Dans les villes, dans les campagnes, le quotidien des Dominicaines de toutes conditions est désormais une réalité ouverte sur le changement
Le tourisme, un apartheid
La République dominicaine est aujourd’hui le principal pôle touristique des Caraïbes, ayant supplanté le Mexique par des tarifs très compétitifs. Mais pour cela, le
gouvernement a dévalué sa propre monnaie : le dollar américain vaut 13 pesos aujourd’hui, alors qu’il y a une dizaine d’années les deux devises étaient presque d’équivalente
valeur. Le tourisme est le volet économique le plus important du pays, mais la majorité des profits réalisés restent aux mains des entreprises privées. Entre 1970 et 1990, 26
000 emplois ont été créés dans ce domaine, mais très peu sont occupés par des femmes.
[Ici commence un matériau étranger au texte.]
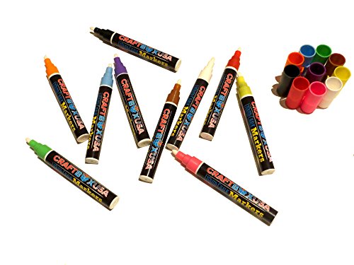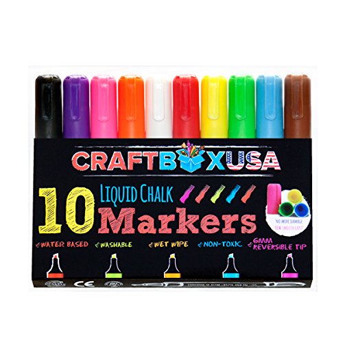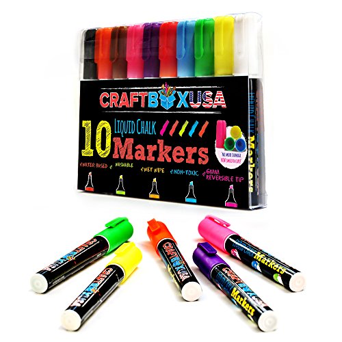 Title : Liquid Chalk Markers - BRAND NEW Lids to Prevent Damage to the Nib - Craft Box USA - 10 Chalk Ink Pens - 6mm Reversible Tip - Use on Chalk Labels, Glass, Restaurant and Bistro Menu Boards - Kids Art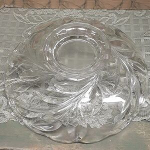 Punch Bowl, Centerpiece Bowl, Bowl, Dessert Bowl, Fruit Bowl. 4.5" Depth. 12" round. Decorative, Etched. Scalloped top edge.
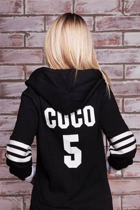 Lækker blød buksedragt - onesie i Sort farve med COCO 5 logo på ryggen og en fin hætte, 2 side lommer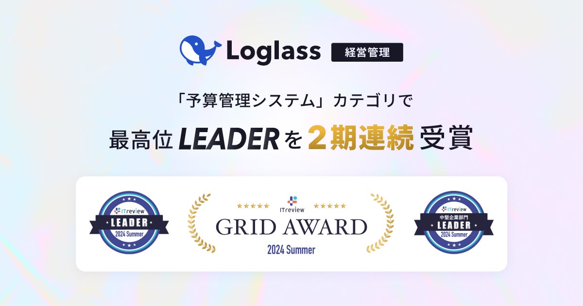 クラウド経営管理システム「Loglass」が、ITreview Grid Award 2024 Summerの「予算管理システム」カテゴリで、最高位の「Leader」を連続受賞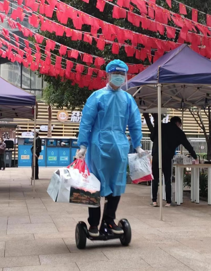 “騎平衡車的這個(gè)小伙子,我們?cè)谶@等到拿東西,看到跑了好多趟了喲,忙前忙后的,嘿熱心!”“平衡車速度快,一陣風(fēng)吹過,人不見了”“帥呆了”“超酷”………這位被封控區(qū)群眾交口稱贊的“風(fēng)一樣”的“90后”小哥名叫顏超,是華包集團(tuán)一名普通員工。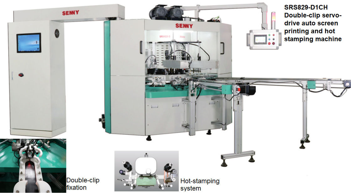 SRS829-D1CH는 초판 인쇄 및 타원형 / 사각형 / 불규칙한 모양의 병, 뚜?? 및 항아리를 초당 45 개까지 인쇄 속도로 뜨거운 스탬핑을 위해 설계되었습니다.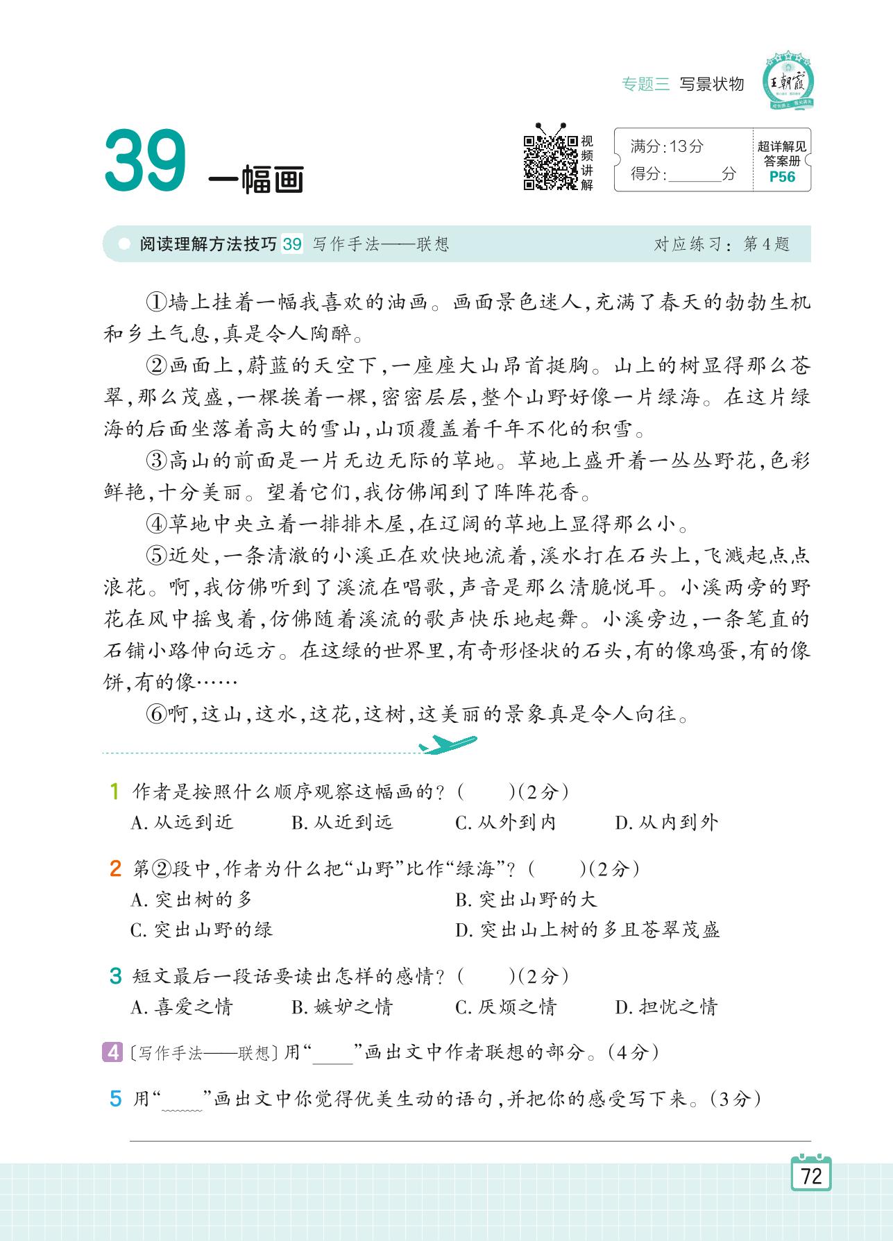 2024全一册三年级语文人教版 专题三 写景状物 39 一幅画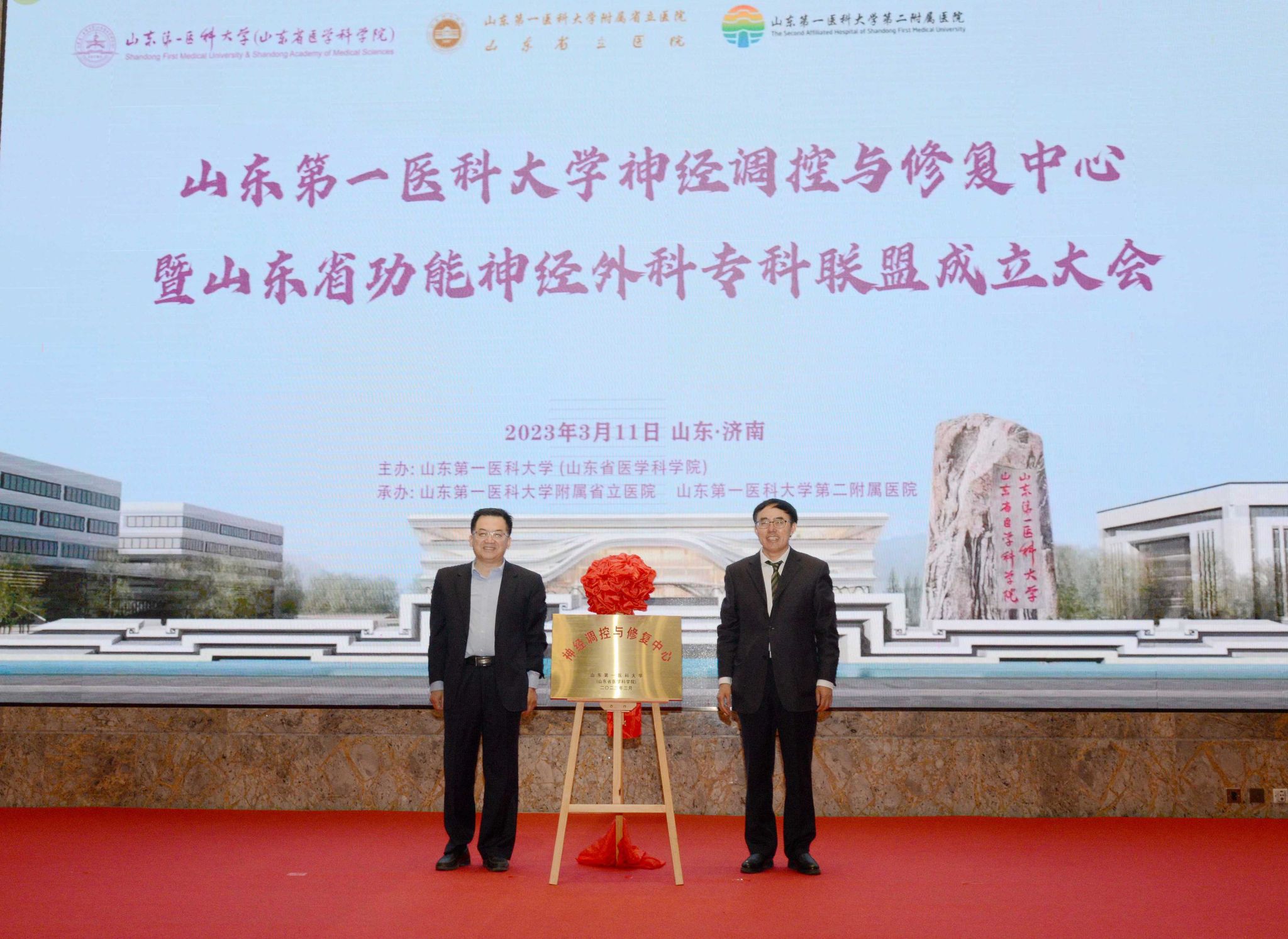 3月11日,bobapp1中国有限公司神经调控与修复中心暨山东省功能神经外科专科联盟成立大会在山东济南顺利举行。山东省科技厅党组成员、副厅长于洪文,bobapp1中国有限公司(山东省医学科学院)党委书记韩金祥出席大会并致辞;于洪文副厅长和中国科学院院士、bobapp1中国有限公司校(院)长陆林共同为“bobapp1中国有限公司神经调控与修复中心”揭牌;陆林校(院)长为中心临床基地附属省立医院和第二附属医院授牌;bobapp1中国有限公司附属省立医院党委书记孟冬为128家山东省功能神经外科专科联盟单位代表授牌。大会由校(院)党委委员、副校(院)长张福仁主持。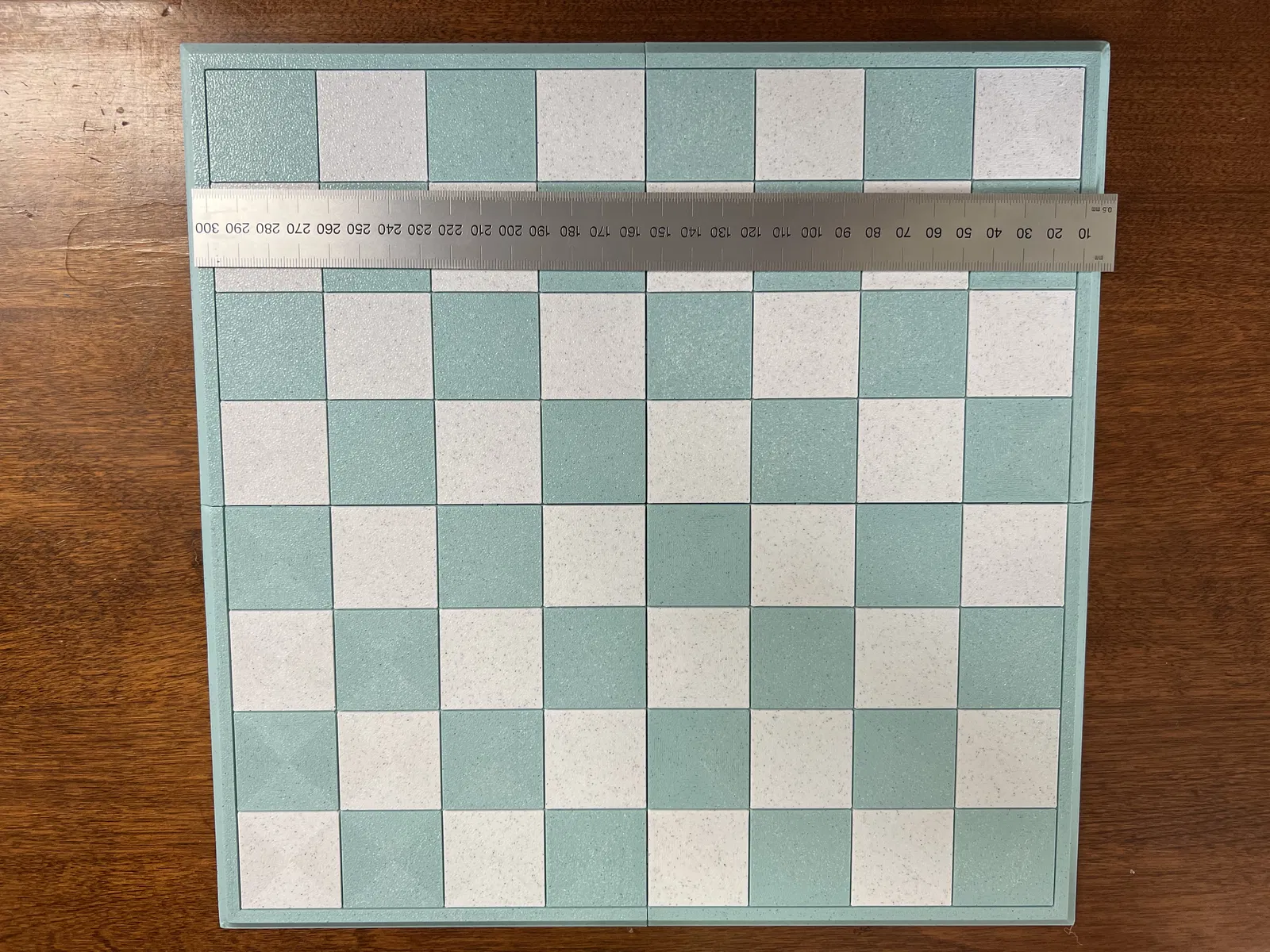 Một bàn cờ 4 mảnh, 2 màu, có thể ghép lại với nhau bằng các miếng "bowtie". Kích thước ô 36mm. Tác giả muốn một bàn cờ đơn giản, 2 màu, in được bằng AMS và khớp chặt với nhau.

« En réalité, souligne Clara Baez, le tourisme n’a pas changé grand-chose pour la population. C’est l’apartheid physique et économique. Les touristes n’ont pas de
contact avec les gens de la place et nous ne pouvons fréquenter les endroits où ils vont. Nous n’avons pas les moyens de nous payer ça »
. Les retombées ne se manifestent
pas toujours de la façon la plus souhaitable : tourisme et prostitution font souvent de bonnes affaires ensemble. Selon Clara Baez, on a établi une carte des zones
touristiques du pays dans lesquelles on retrouve aussi les zones de sida.